Motivated to protect internet users, Uyen Trang Nguyen, an associate professor in the Department of Electrical Engineering & Computer Science at York University’s Lassonde School of Engineering, is developing Artificial Intelligence (AI) systems to prevent the spread of fraudulent content. Specifically, Professor Nguyen is designing systems to strategically detect and target clickbait and Twitter bots; two techniques commonly used to spread misinformation and marketing scams. These systems are developed with a subfield of AI called Machine Learning (ML), which trains computers to extract patterns and knowledge from specific data and learn from it, similar to the way humans read an instruction manual before completing an unfamiliar task.

“I was inspired to start this work because I see the issues that are caused by false information on the internet,” says Professor Nguyen. “Families have serious disagreements, there is interference with our elections, I want to provide protection against these threats.”

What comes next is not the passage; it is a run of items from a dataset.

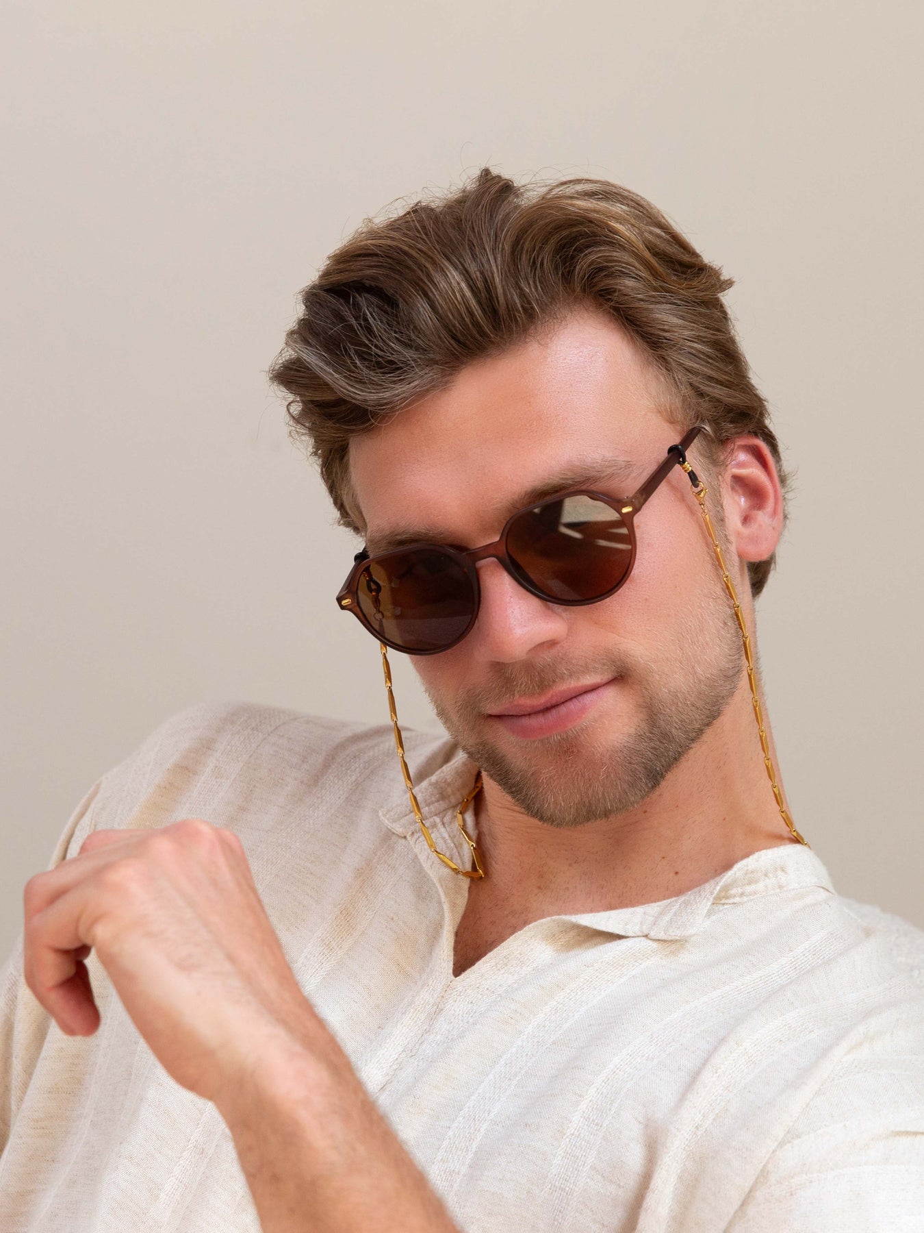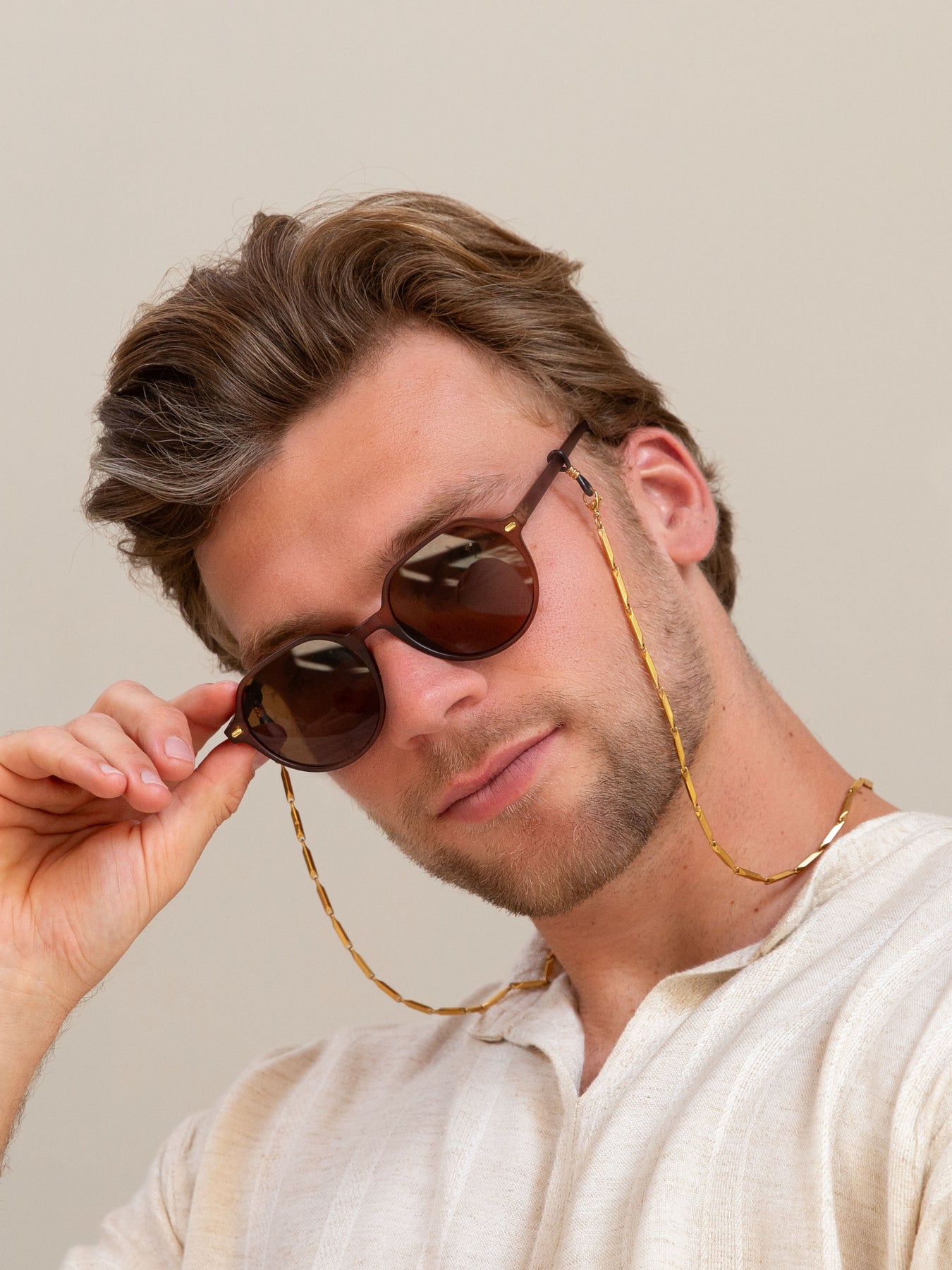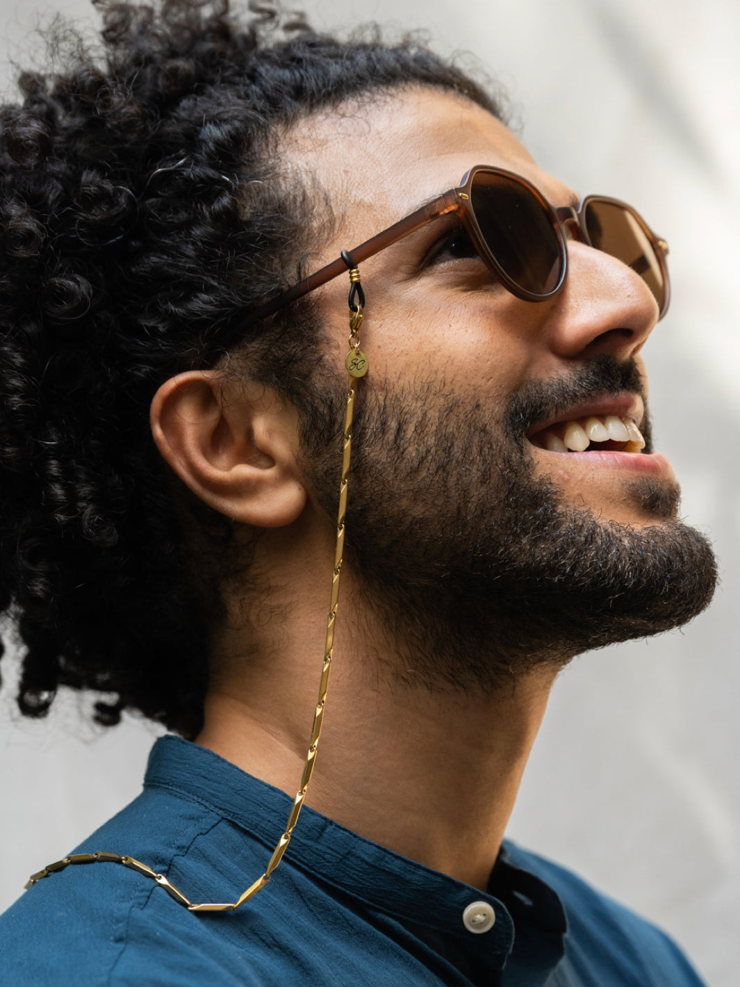 Let us introduce you to Jake, our cool and fashionable glass chain. The Sunny Cord can be fixed easily to your glasses by using the rubbers that are placed at the end of the chain. It will keep your glasses in place, so that you will never have to search for your glasses again. The Jake has metallic squared shapes with sightly rounded edges to add some finesse. The Jake is available in pitch black or gold. Which one will you choose?
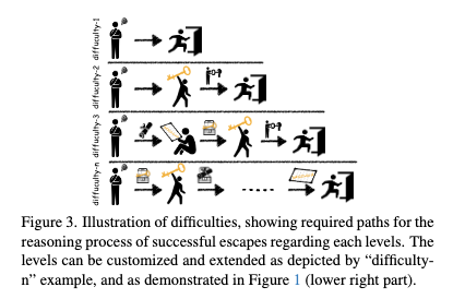 图二:EscapeCraft支持自由订制和扩展想要的难度等级。不同难度等级下所需的逃脱步骤有所不同。
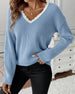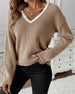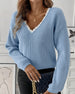 Casual Solid Color V-Neck Pullover
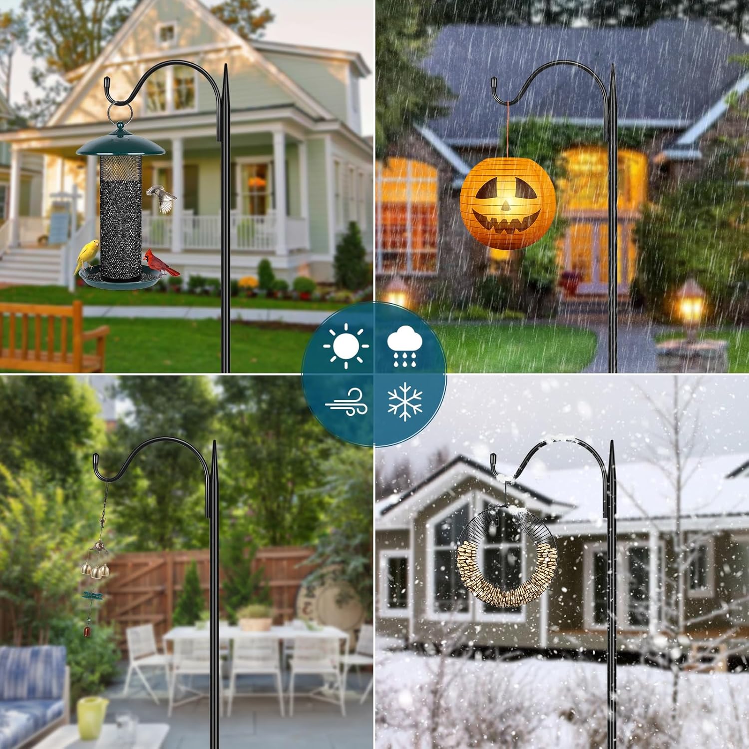 - Versatility: Multi-purpose lantern hooks can also be used for hanging flower pots, wind chimes, holiday decorations and bird feeders, which can perfectly decorate various scenarios, like patios, weddings, and so on
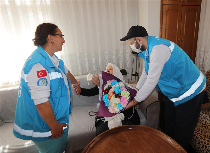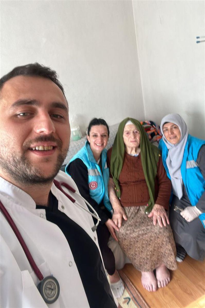 Rize İl Sağlık Müdürlüğü'nün evde sağlık ekipleri, şehirde yaşayan asırlık çınarları Cumhuriyet'in 100. yılı etkinlikleri kapsamında ziyaret ediyor.
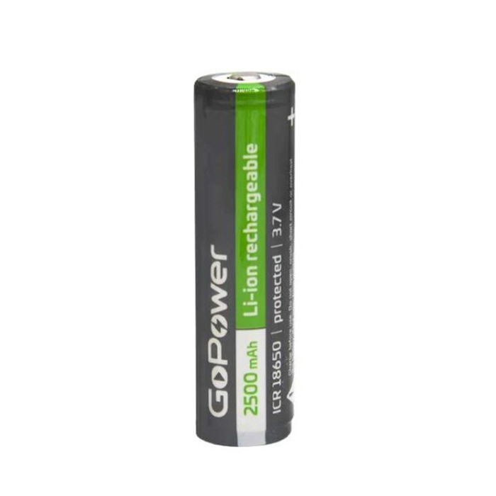 Аккумулятор INR18650 Li-on 2500mAh, 3,7V 30A высокотоковый, без защиты с плоским контактом "GoPower"
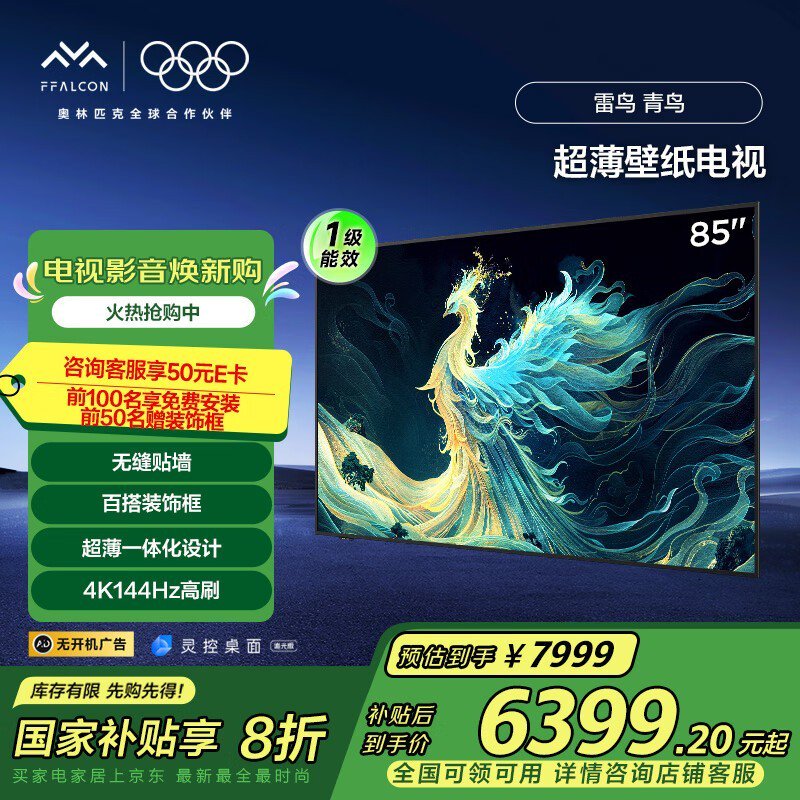 雷鸟85S585C Slim 85英寸电视优惠低至6373元

To combat the spread of fraudulent content and misinformation, Professor Uyen is developing a system that analyzes the relationship between words in an article or on a webpage to detect clickbait. This system operates using a combination of methods that have not been used for clickbait detection systems before: a neural network that can mimic our brain’s ability to recognize patterns and regularities in data, coupled with human semantic knowledge of language to understand the relationship between words. While analyzing an article or webpage, the system relies on a graph that represents the semantic relationship between words and uses this information to correlate the title of an article or webpage to its content – if the title and content do not match, it is labelled as clickbait.

An example of how Professor Nguyen’s clickbait detection model distinguishes non-clickbait from click-bait.
An example of how Professor Nguyen’s clickbait detection model distinguishes non-clickbait from clickbait.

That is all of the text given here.